Suelto una carcajada amarga.

–No pienso llamar a un cabronazo que me llamaba maricón día sí y día también –replico con fiereza–. Me destrozó la habitación. Me pegaba, mamá. Y también te pegaba a ti. Él fue uno de los culpables de que estuviera… –Trago saliva antes de continuar–. De que estuviera a punto de suicidarme. Si hubiera sido un padre distinto, un padre bueno, todo habría sido muy distinto. Para los tres.
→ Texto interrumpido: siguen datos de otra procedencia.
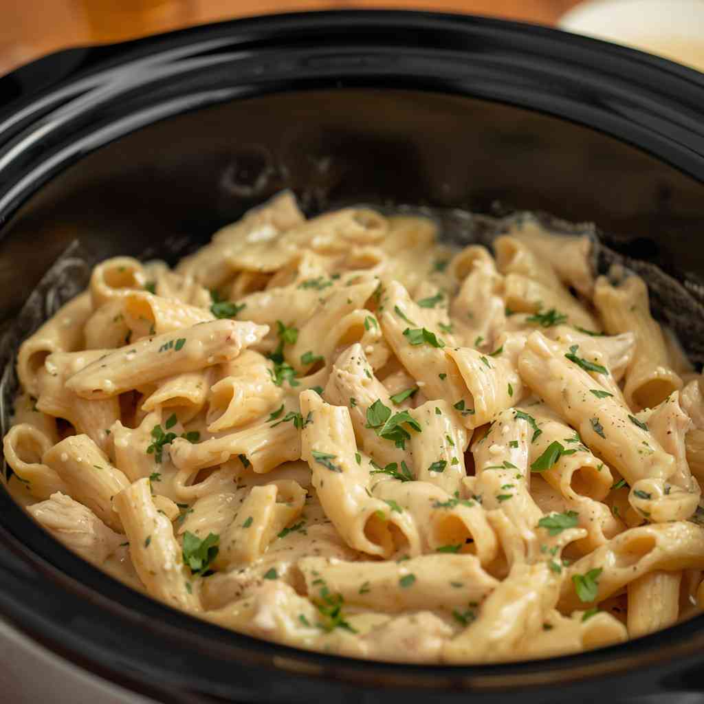 This recipe combines juicy chicken, al dente pasta, and a decadent homemade Alfredo sauce to create a dish that tastes indulgent yet is incredibly simple to prepare. With minimal prep, the slow cooker does all the work, making it a perfect go-to recipe for anyone craving a creamy, satisfying pasta meal.
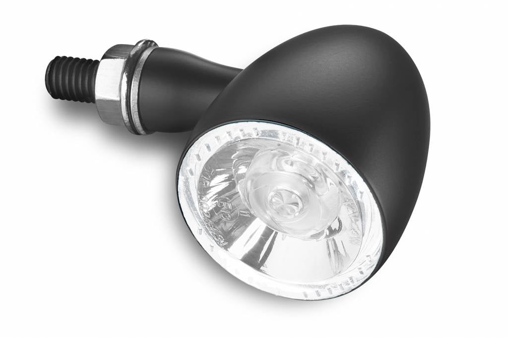 The Bullet 1000® was created with a clear goal: A turn signal with the classic bullet look and a classy Kellermann design, but equipped with modern LED technology. A newly developed light technology (Kellermann-HPT®) creates a homogenous ring of light. Design quality is not only a question of shape and surfaces but also a result of the complete look and feel when the lights are on. The high-quality metal housing with a maximum diameter of 39 mm is like a jewel on the motorcycle. It is available in chrome, black and matte chrome. The Bullet 1000® works with any sophisticated bike design. The Bullet 1000® comes in four different technical versions: Extreme turn signal, turn signal with yellow position light, indicators with white position light and turn signal with tail and brake light.
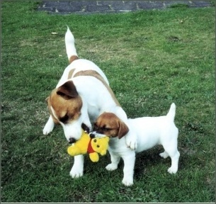 Barney and Sasha playing tugs - May 2001
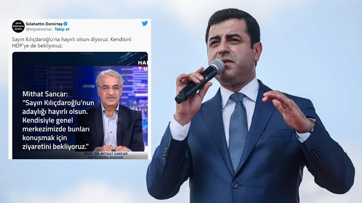 Twitter hesabından paylaşımda bulunan Demirtaş, HDP Eş Genel Başkanı Mithat Sancar'ın bugünkü sözlerine atıf yaparak "Sayın Kılıçdaroğlu'na hayırlı olsun diyoruz. Kendisini HDP'ye de bekliyoruz" dedi.
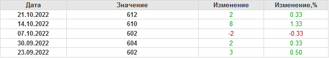 По сообщению Baker Hughes количество нефтяных буровых установок в США на 21.10.22 составило 612 штук. За неделю количество буровых установок выросло на 2 единицы. На прошлой неделе количество установок, которые прекратили работу составило 1 единицу. Количество установок, которые ввели в эксплуатацию составило 3 единицы. Как видим, рост числа установок есть, но он незначительный.
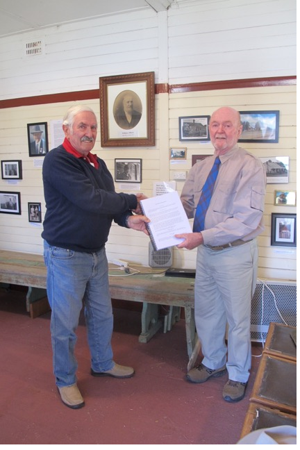 Peter Elliott, a descendant of early settler in the Gundaroo district Richard Elliott, donates a copy of his family history to G&DHS President Peter Firth in the Society’s room at the Gundaroo Literary Institute.
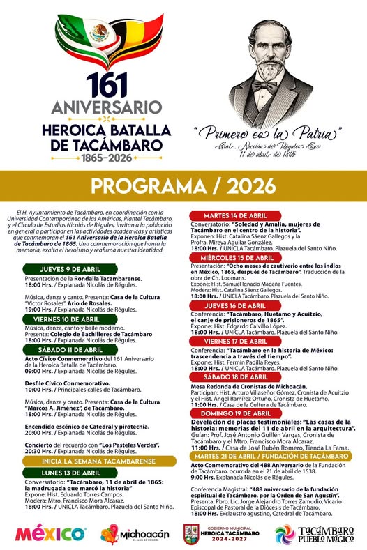 En el marco del 161 Aniversario de la Heroica Batalla de Tacámbaro (1865–2026), el Gobierno Municipal invita a toda la ciudadanía a participar en una serie de actividades cívicas, culturales, académicas y artísticas que honran la memoria, el valor y la identidad de nuestro pueblo.
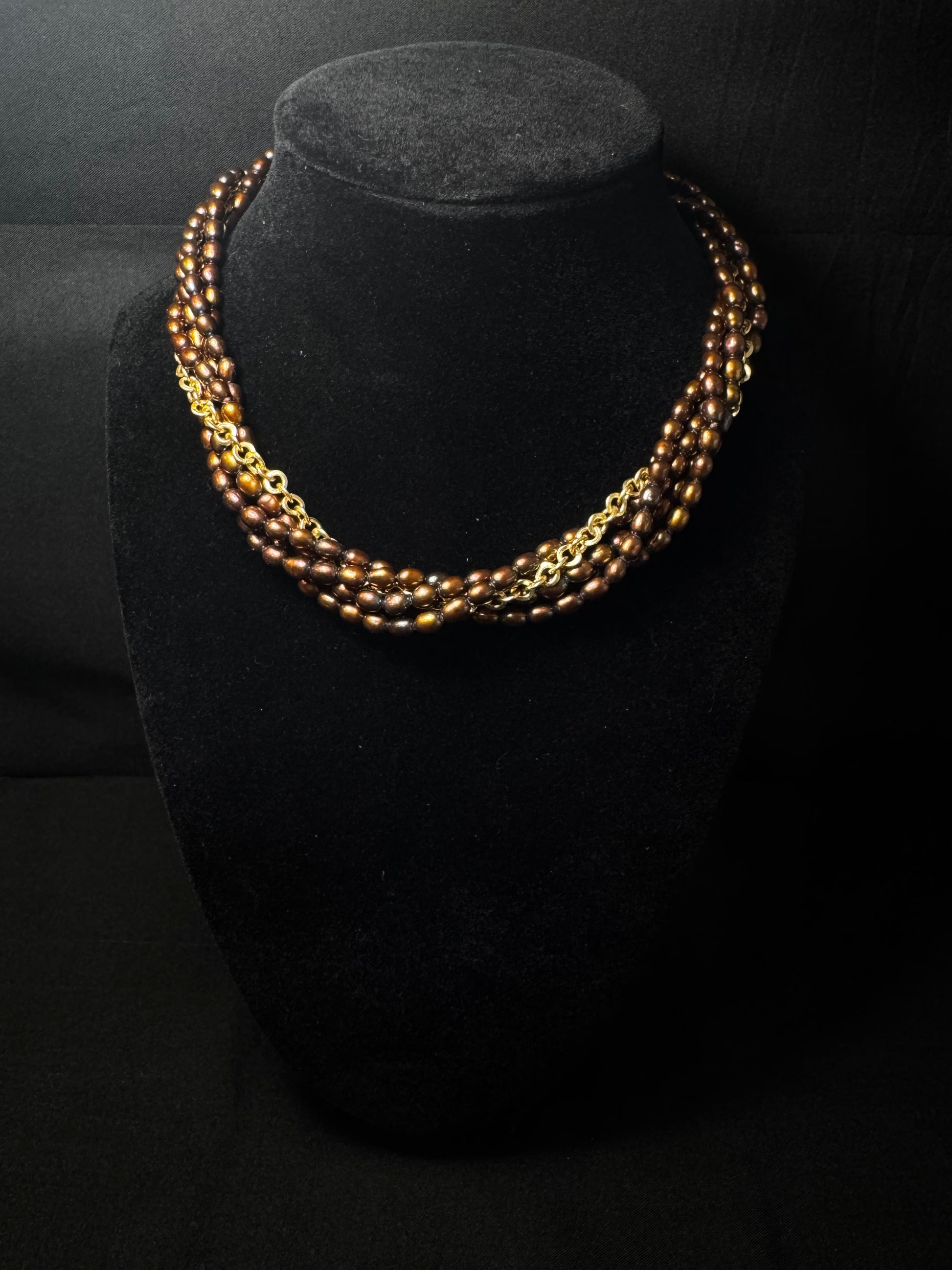 This striking necklace features multiple strands of bronze freshwater pearls, each one naturally iridescent, intertwined with delicate gold-plated chain for texture and movement. The result is a layered masterpiece that shimmers with deep copper, caramel, and golden undertones — reminiscent of fall sunsets and timeless beauty.
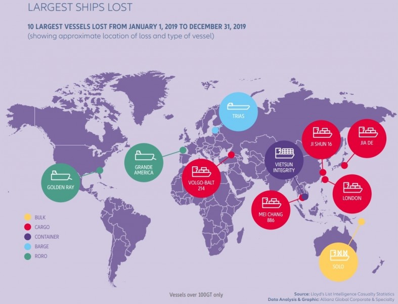 Cargo vessels (15) accounted for more than a third of all total losses during 2019 with the majority occurring in South East Asian waters. The number of losses involving ro-ro vessels
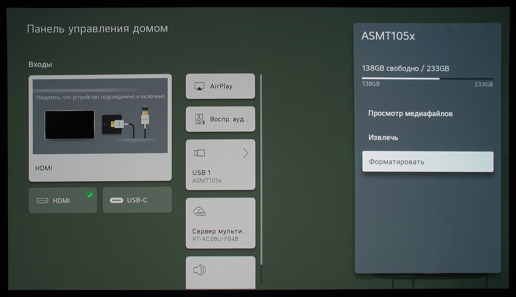 В окне приложения с названием Панель управления домом находятся плитки доступа к активным входам и подключенным устройствам. С некоторыми из последних даже можно что-то сделать, например извлечь или отформатировать флешку или жесткий диск.
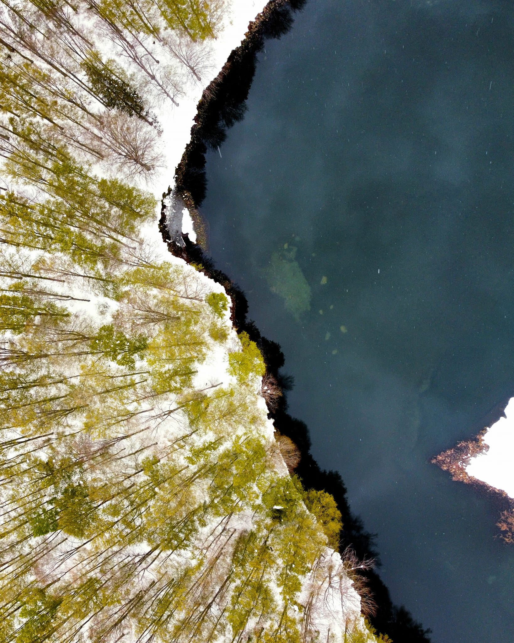 Torniamo sul nostro Appennino recentemente ricoperto di neve. Con questo scatto aereo di Maurizio D'Addona vediamo uno spicchio di bosco innevato che contrasta con il lago Pranda vicino a Cerreto Laghi.
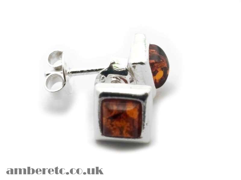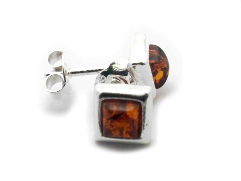 Square Shape Silver Stud Earrings with Amber

Y, mientras pronuncio estas palabras, siento que las cicatrices de mis brazos, la mayoría casi imperceptibles, me queman la piel como si acabaran de grabármelas al rojo vivo. Me doy cuenta de que me falta el aire, así que cierro los ojos mientras trato de respirar hondo para contener la sensación opresora que siento en los pulmones.

–Óscar… –susurra mi madre en voz baja.

Pero no dice nada más. Y, a pesar de que trato de mostrarme impasible, veo a la perfección el dolor en su rostro. Se siente mal. Se siente culpable. Todavía la oigo llorar por las noches, todavía nos pide perdón por haber seguido junto a él durante tanto tiempo.

–Tú no tienes la culpa de nada –le aseguro. Echo un vistazo a Sergio, que está tratando de pasar lo más desapercibido posible, visiblemente incómodo–. De verdad, mamá. Ya te lo hemos dicho muchas veces.